Your task is to give the listing below back word for word, pictures excluded.

*** SOURCE DATA Section Begins ***

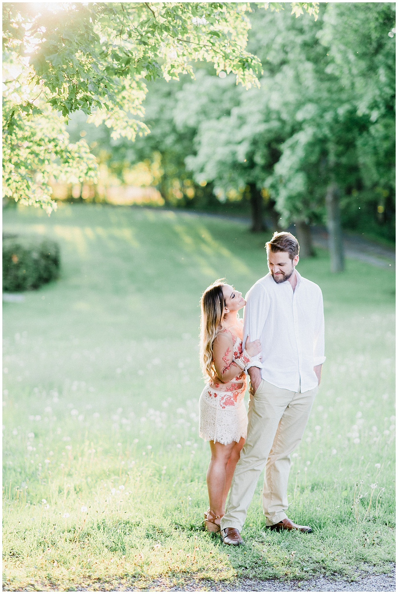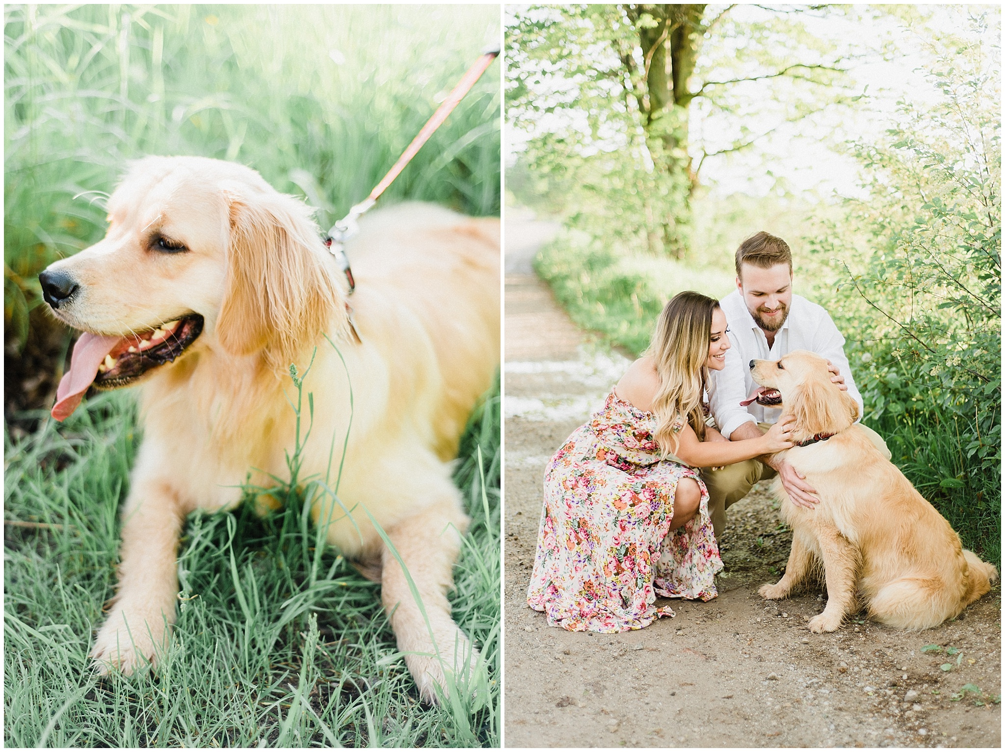 Louie, their golden retriever pup also came along, and we had Chiara’s mom there to help us wrangle him when he wasn’t in the photos. This is one little rule I have for these sessions: if your fur baby is coming, you need to have someone else be there to be their babysitter! They aren’t going to be in every photo, so it’s helpful to have someone else with us who can take your dog for a walk, drive them home, etc. I had a bulldog on a leash on my arm during almost an entire session once, and since then I got wise and made the ‘dog sitter’ thing a rule! I always love meeting my couples’ fur babies and they are always welcome at our sessions!
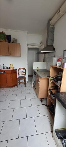 The apartment has 5 rooms, toilet, bathroom, kitchen with stove, fridge, furniture, hallway and a huge balcony.
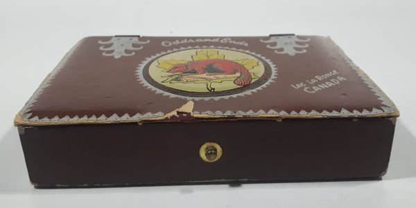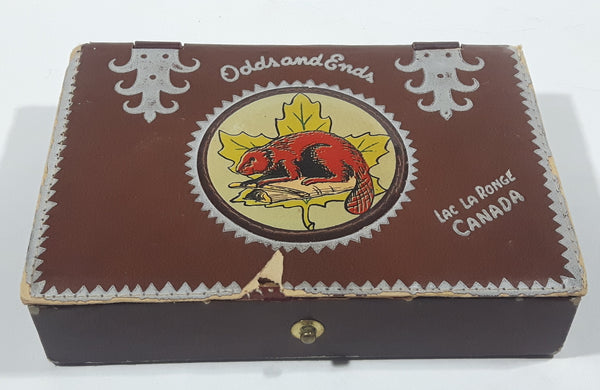 Rare Vintage Lac La Ronge Canada Odds And Ends Beaver On A Log Maple Leaf Brown Vinyl Covered Trinket Box
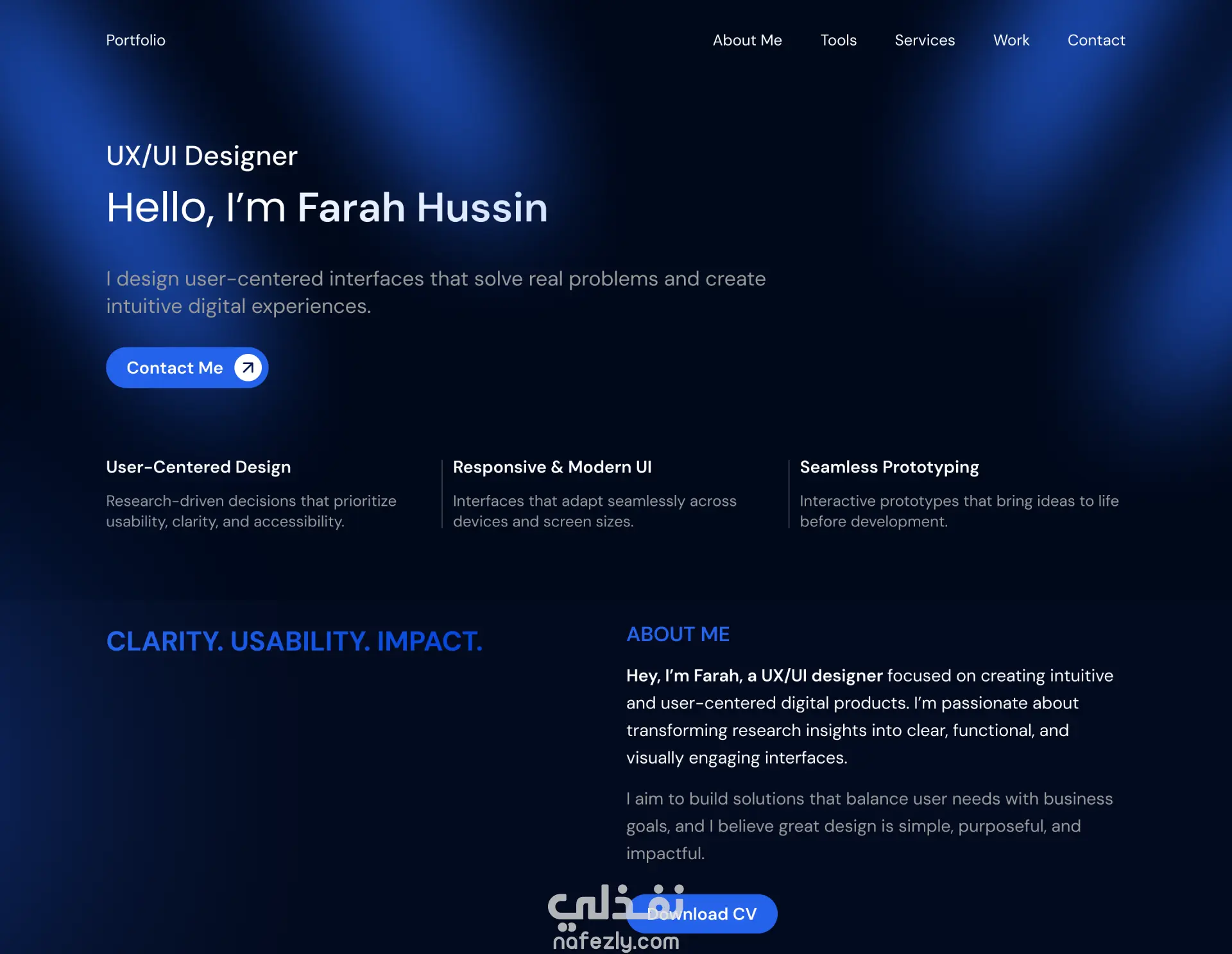 - تخطيط واضح يشمل: Hero، About، Tools، Services، Work، Contact

*** SOURCE DATA Section Ends ***

*RESULT OF THIS TASK*:
 Louie, their golden retriever pup also came along, and we had Chiara’s mom there to help us wrangle him when he wasn’t in the photos. This is one little rule I have for these sessions: if your fur baby is coming, you need to have someone else be there to be their babysitter! They aren’t going to be in every photo, so it’s helpful to have someone else with us who can take your dog for a walk, drive them home, etc. I had a bulldog on a leash on my arm during almost an entire session once, and since then I got wise and made the ‘dog sitter’ thing a rule! I always love meeting my couples’ fur babies and they are always welcome at our sessions!
 The apartment has 5 rooms, toilet, bathroom, kitchen with stove, fridge, furniture, hallway and a huge balcony.
 Rare Vintage Lac La Ronge Canada Odds And Ends Beaver On A Log Maple Leaf Brown Vinyl Covered Trinket Box
 - تخطيط واضح يشمل: Hero، About، Tools، Services، Work، Contact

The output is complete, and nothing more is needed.